• _WORK ORDER_
Give the lines again exactly as they appear below, from the line with "Tampa p/ marmitas 850ml" to the line with "Også bjørner kan", both included, and only those lines. Leave every picture out.

• _PROVIDED DATA_
--------
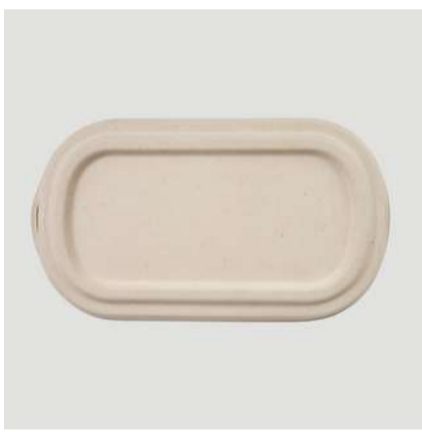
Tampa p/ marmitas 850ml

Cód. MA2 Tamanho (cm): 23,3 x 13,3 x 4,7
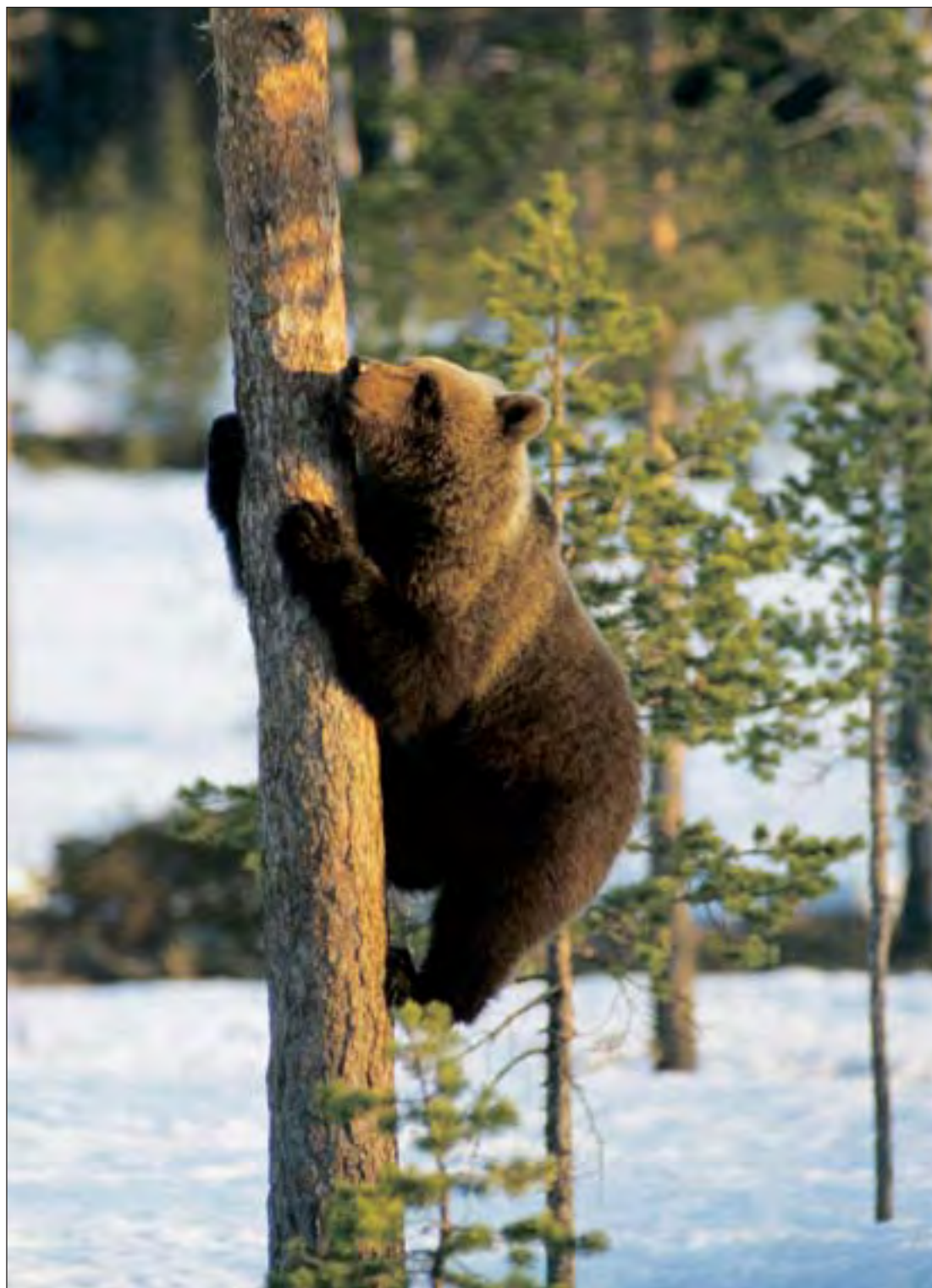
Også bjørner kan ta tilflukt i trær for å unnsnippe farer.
--------
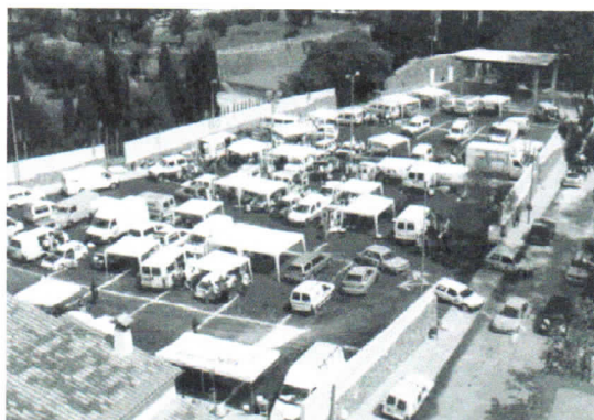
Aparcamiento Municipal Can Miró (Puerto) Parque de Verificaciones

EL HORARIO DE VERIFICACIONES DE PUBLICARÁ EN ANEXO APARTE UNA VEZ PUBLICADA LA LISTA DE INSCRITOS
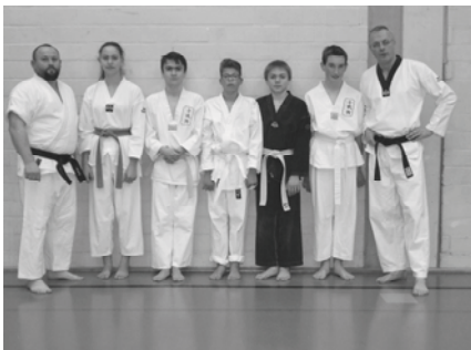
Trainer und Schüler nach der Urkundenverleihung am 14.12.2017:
--------
• _OUTPUT FOR THIS TASK_
Tampa p/ marmitas 850ml

Cód. MA2 Tamanho (cm): 23,3 x 13,3 x 4,7
Også bjørner kan ta tilflukt i trær for å unnsnippe farer.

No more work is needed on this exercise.